Macaroni Cheese with Tomatoes Recipe, Prepare the veg in advance ready to make these delicious sandwiches.
Macaroni Cheese with Tomatoes Recipe
Serve with a helping of your favorite veg or mixed leaf salad.
Instead of tomatoes you could use a layer of sliced leeks, courgettes, and peppers, lightly cooked in boiling water to soften them.
If you don’t have macaroni, you can use tubes of pasta instead. Take care not to overcook it – it needs to keep a little ‘bite’.

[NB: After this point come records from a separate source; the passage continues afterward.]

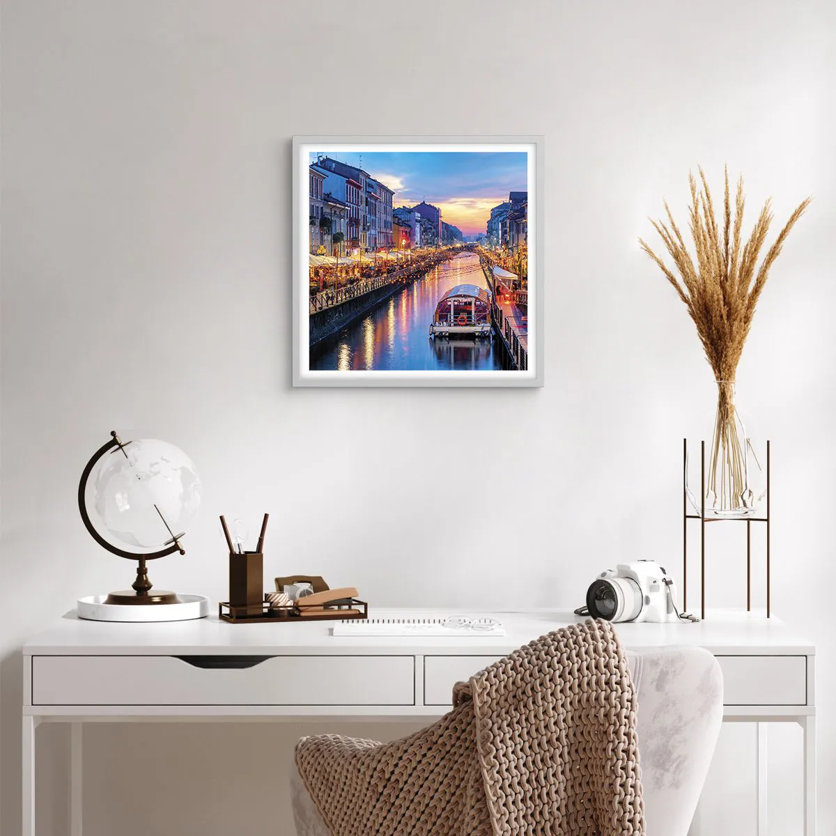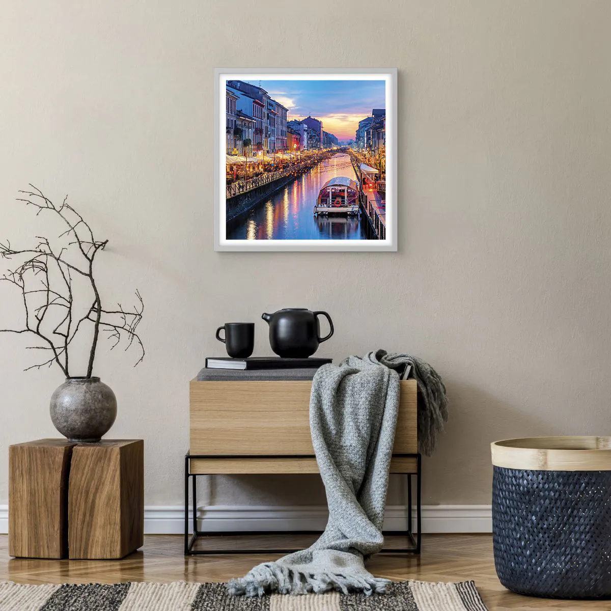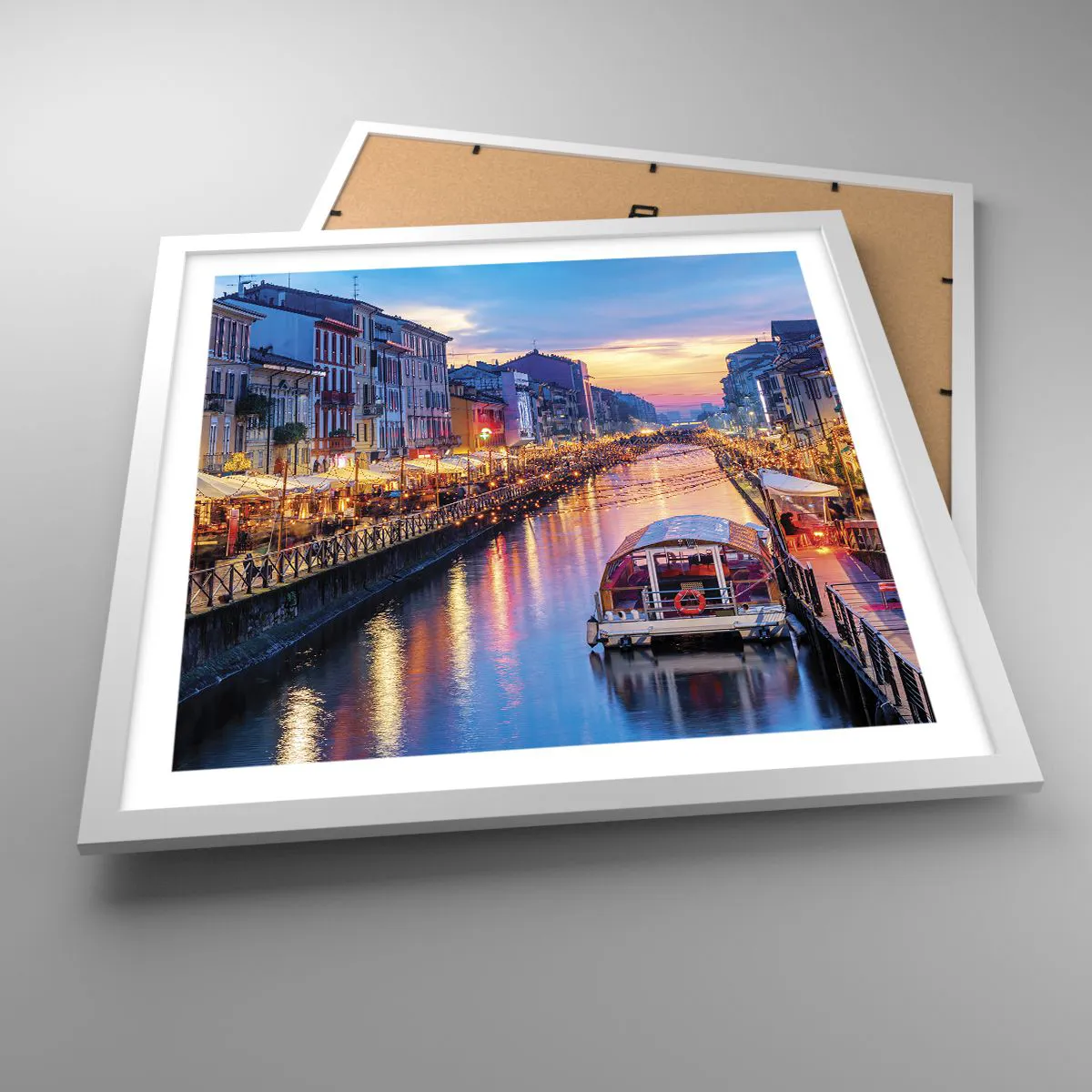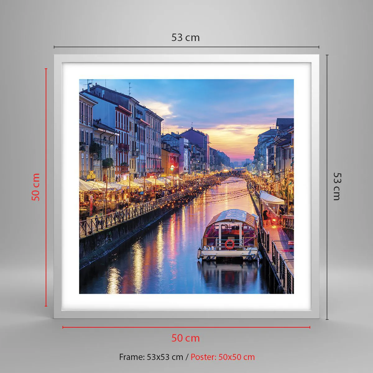 Poster in cornice bianca - Sera di luce e di divertimento - 50x50 cm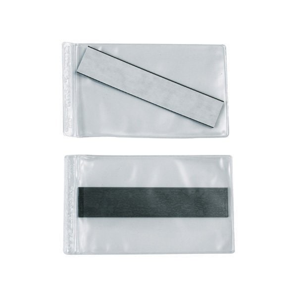 Great for attaching information on metal racks or machinery. Magnetic backing allows for easy label relocation; Features a clear, matte finish and a side load design; White inserts for laser/inkjet printing included. This product is equivalent to part number: S-7150. Sold in a quantity of 50 per case.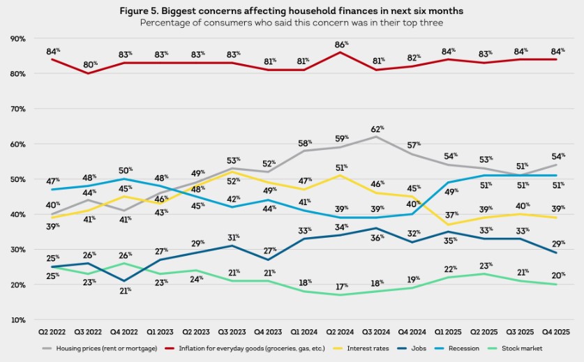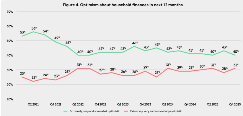 Canadians say they’re doing fine, but they’re still bracing for the worst. Nearly two-thirds of households felt their finances performed as expected or better in Q4 2025. At the same time, just 40% were optimistic about their finances over the next 12 months, down 3 points from the prior quarter. That’s tied for the lowest reading in the past five years, last seen when the trade war kicked off in Q2 2025, and again in 2022 when rates began to climb .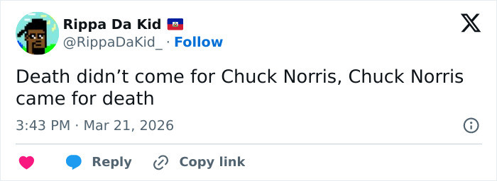 “Chuck Norris didn’t die… He just ghosted the whole planet”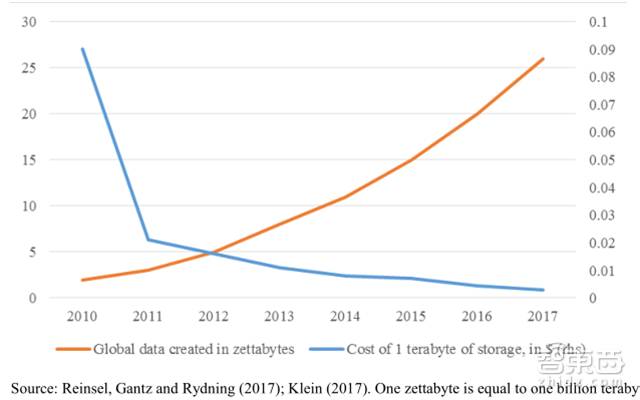 ▲2009-2017年间全球数据存储成本(蓝线)和数据可用性(红线)发展示意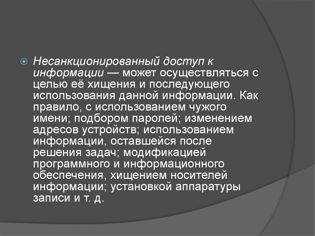 Несанкционированный доступ кинформации — может осуществляться с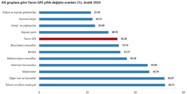 TÜİK'in açıkladığı Aralık ayı verilerine göre Tarım-GFE 12 aylık dönemde yüzde 40,94 artış gösterdi. Yıllık değişimde en yüksek girdi tohum ve dikim materyali grubunda yaşandı.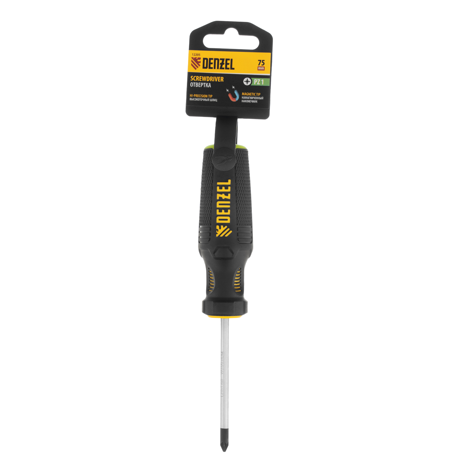Отвертка PZ1x75 мм, CrV, трехкомпонентная рукоятка Denzel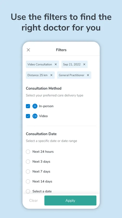 • Access the real-time availabilities of tens of thousands of healthcare professionals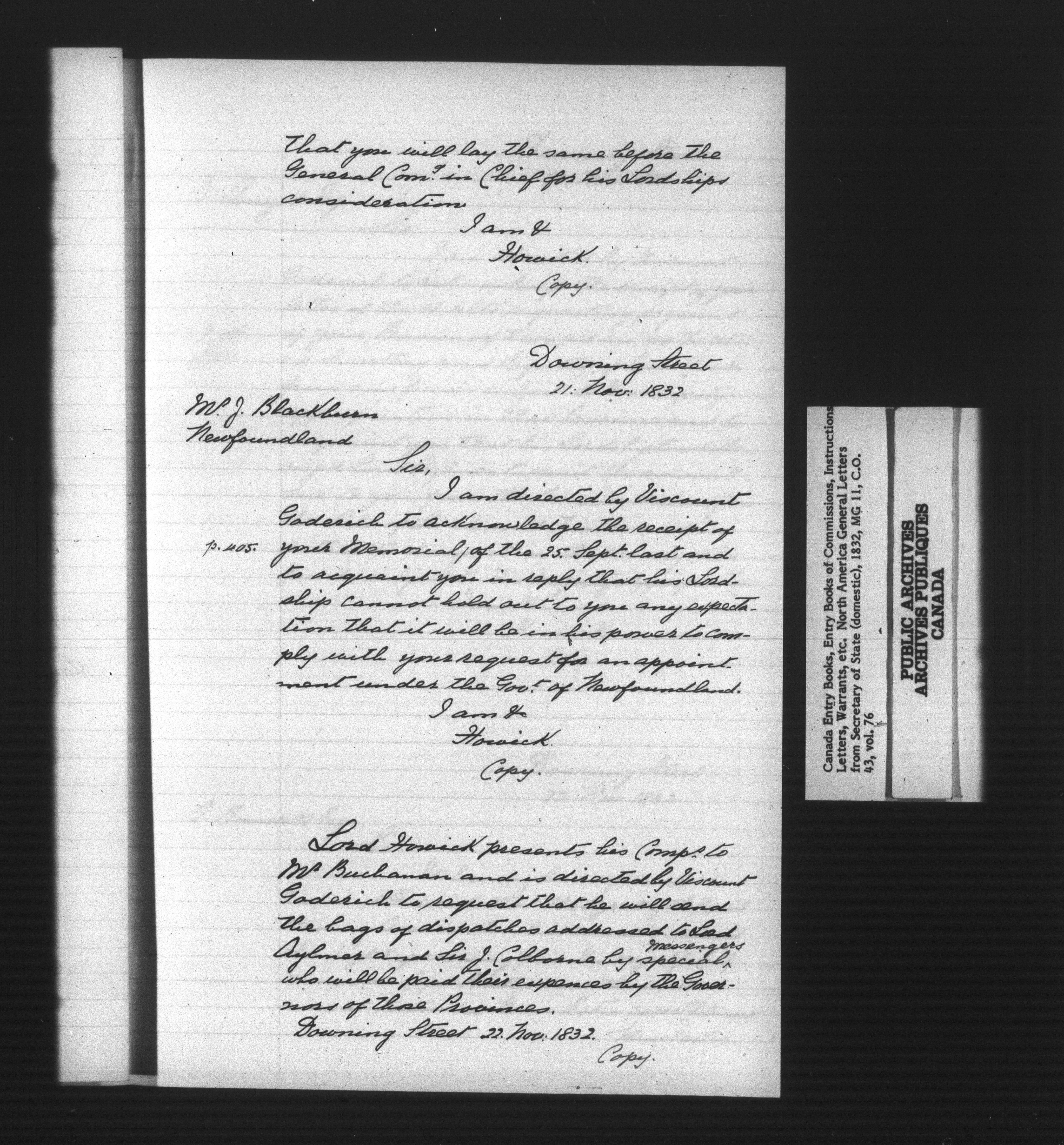 Great Britain. Colonial Office : Canada, formerly British North America, entry books (CO 43) : C-13610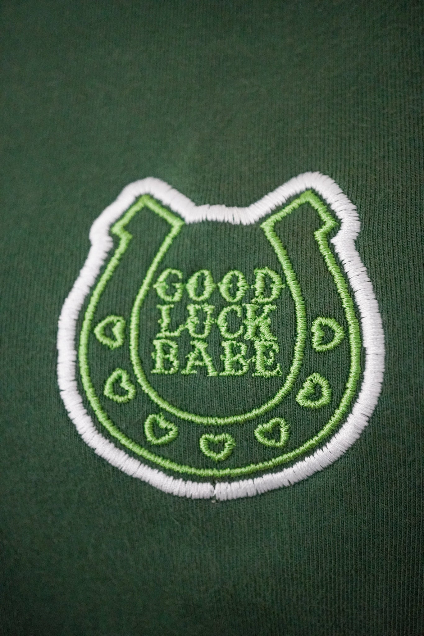 The Good Luck Babe Green T-Shirt is an embroidered, upcycled garment made from a secondhand piece. Supporting small businesses and embracing slow fashion, it offers a sustainable and unique addition to your wardrobe!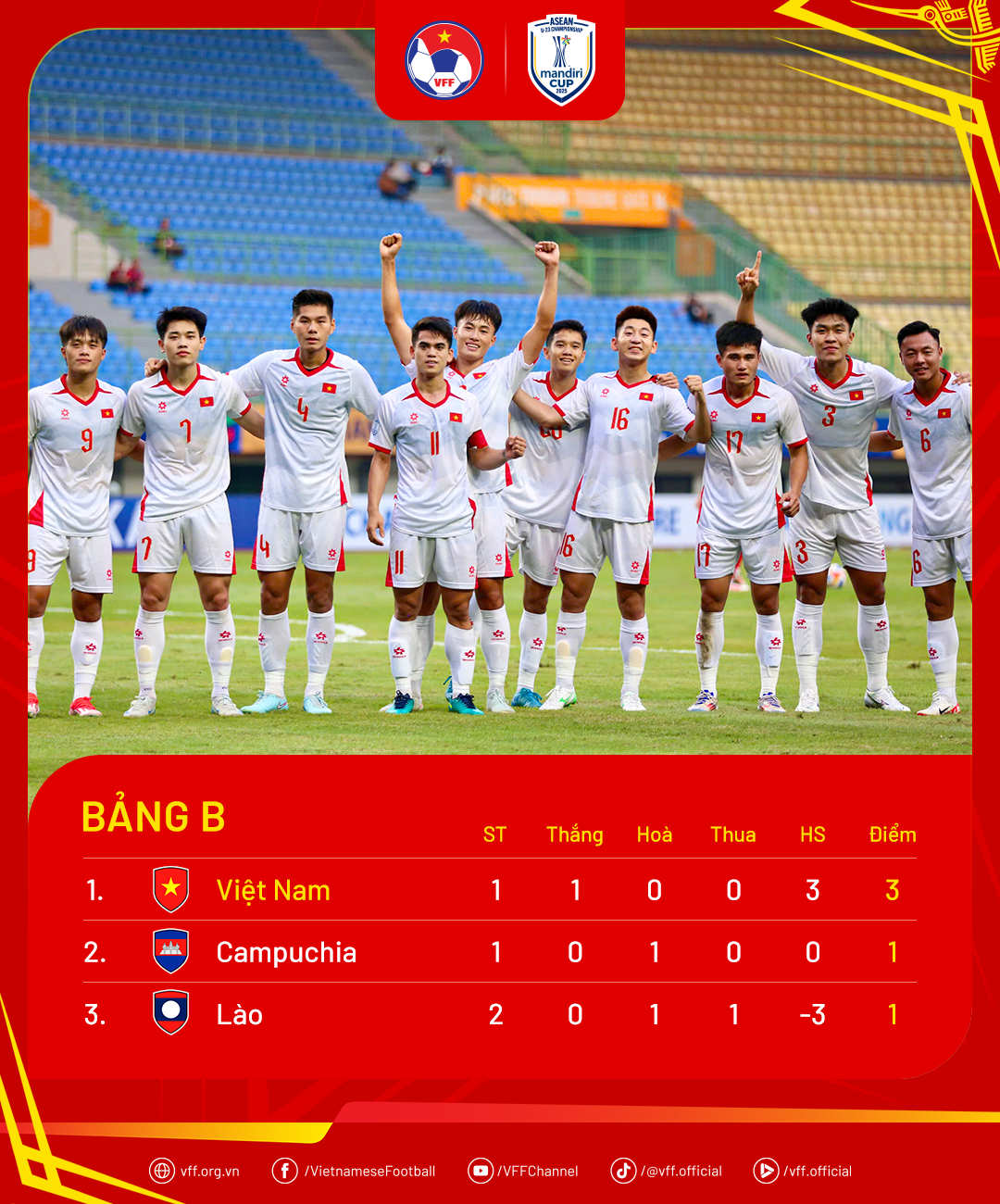 Với chiến thắng đầu tiên tại Mandiri Cup 2025, đoàn quân của HLV Kim Sang Sik vươn lên dẫn đầu Bảng B với 3 điểm sau 1 trận thắng. Trong khi đó, U23 Lào chính thức nói lời chia tay giải đấu năm nay với 1 điểm sau 2 trận đã đấu.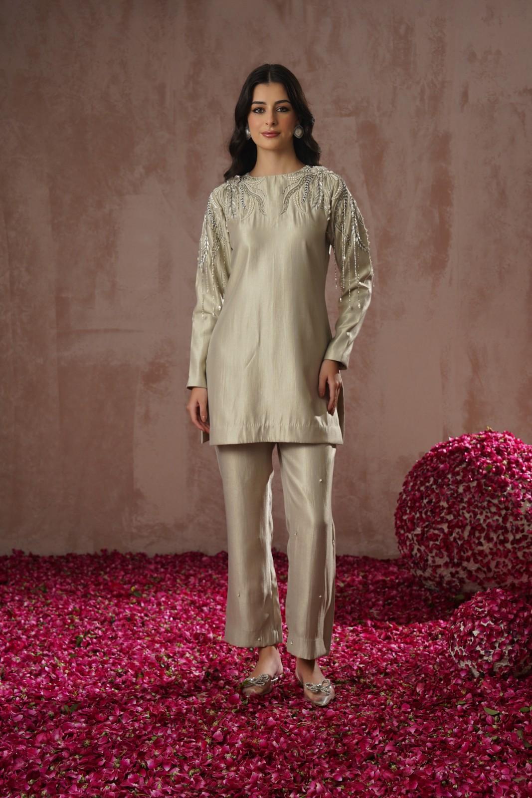 This two piece festive emsemble features a refined straight-cut kurta paired with tailored trousers.The highlight of the...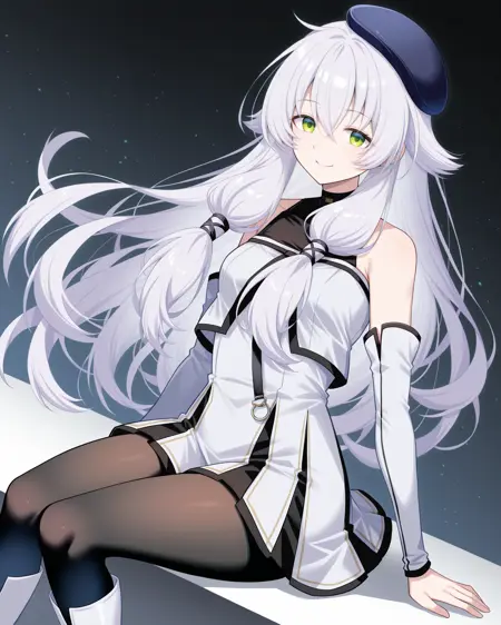 <lora:AltinaOrionThors_Illustrious:1>, Altina Orion, 白发, 长发, 侧发辫, 发带, 绿眼, 平胸, 黑帽, 蓝衬衫, 校服, 裙子, 黑色连裤袜, 白靴,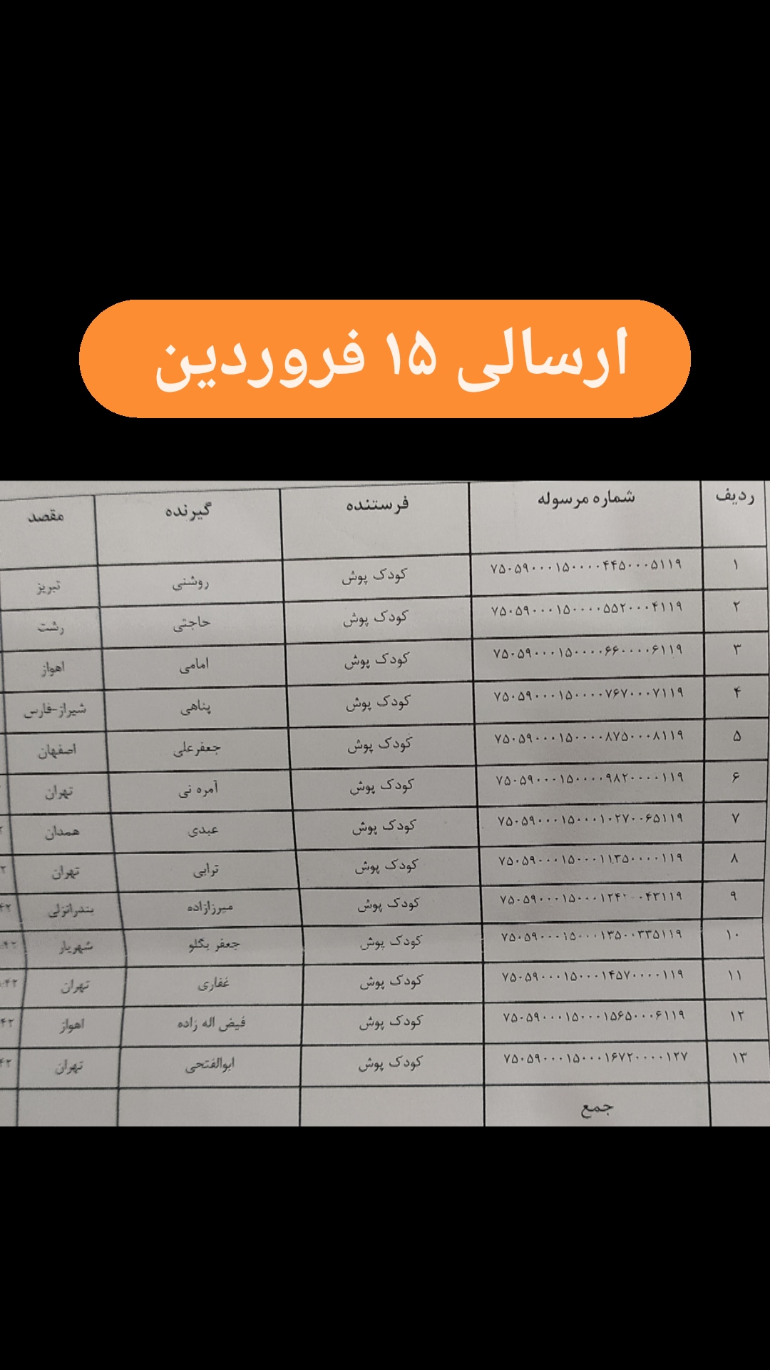 مشاهده لیست ارسال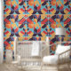 Papel Pintado Patrón geométrico del Naranja azul de Peel Stick A
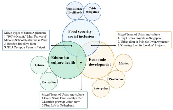 Urban agriculture is practiced worldwide, but mainly in high-income countries, especially in the United States, Canada, and Europe, where there is a focus on sociocultural benefits. Although urban agriculture is also present in low-income countries, it is mainly oriented toward market-oriented food production []. Specifically, Krikser et al. (2016) classified urban agriculture as belonging to three distinct, overlapping categories: self-supply, sociocultural, and commercial []. Self-supply mainly refers to growing vegetables and fruits on private balconies or in private gardens. Sociocultural urban farming activities are primarily for community or school campuses and community college gardens. Commercial mainly represents market profit, in which the operators are mostly adaptation companies producing agricultural products. Based on the above studies, urban agriculture can be divided into the following elements: food security and social inclusion, economic development, education, and cultural health. As Figure 1 shows, there are eight goals in urban agriculture, and many existing cases happen.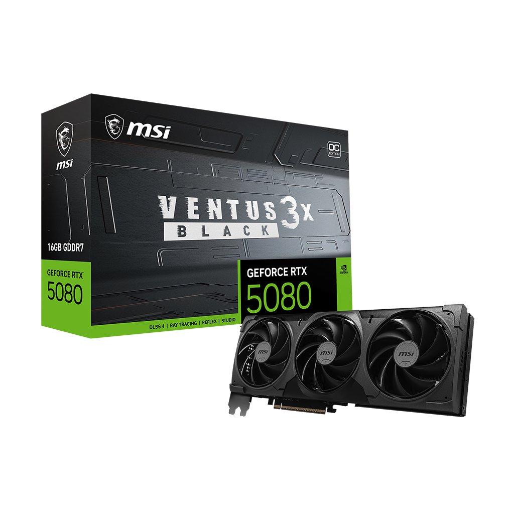 MSI GeForce RTX 5080 16G VENTUS 3X OC BLACK focuses on the essentials to tackle any challenge. Its efficient thermal solution is encased in a resilient enclosure with a neutral aesthetic, allowing this sleek graphics card to integrate seamlessly into any build.

INGREDIENTS FOR 4 SERVINGS
- 10.5 oz macaroni
- 1.4 oz lower-fat spread
- 1 finely chopped small onion
- 1.7 oz plain flour
- 600ml semi-skimmed milk
- 1 tsp English mustard
- 1 pinch ground black pepper
- 2 large sliced tomatoes
- 2.6 oz grated reduced-fat mature Cheddar cheese
1 Preheat the oven to 374°F, fan 338°F, gas mark 5.
2 Cook the macaroni in a large saucepan of boiling water for 8-10 minutes, or according to the instructions on the packet until tender.
3 Meanwhile, melt the low-fat spread in a large saucepan and cook the onion for 3-4 minutes until softened, but not brown. Remove from the heat and stir in the flour.
4 Return to the heat and cook gently for about 1 minute, stirring, until the mixture has a texture like sand.
5 Remove from the heat and add the milk a little at a time, stirring well to mix together. Then return to the heat, stirring all the time, until the sauce is thick and smooth.
6 At this point, remove from the heat and add about two-thirds of the cheese and the mustard. Season with pepper.
7 Drain the cooked pasta well and return it to the saucepan. Stir in the hot cheese sauce. Tip the mixture into a baking dish that can hold about 1.2 liters, or use individual serving dishes. Top with the sliced tomatoes and sprinkle the leftover cheese on top.
8 Bake for 15-20 minutes, until piping hot, then serve.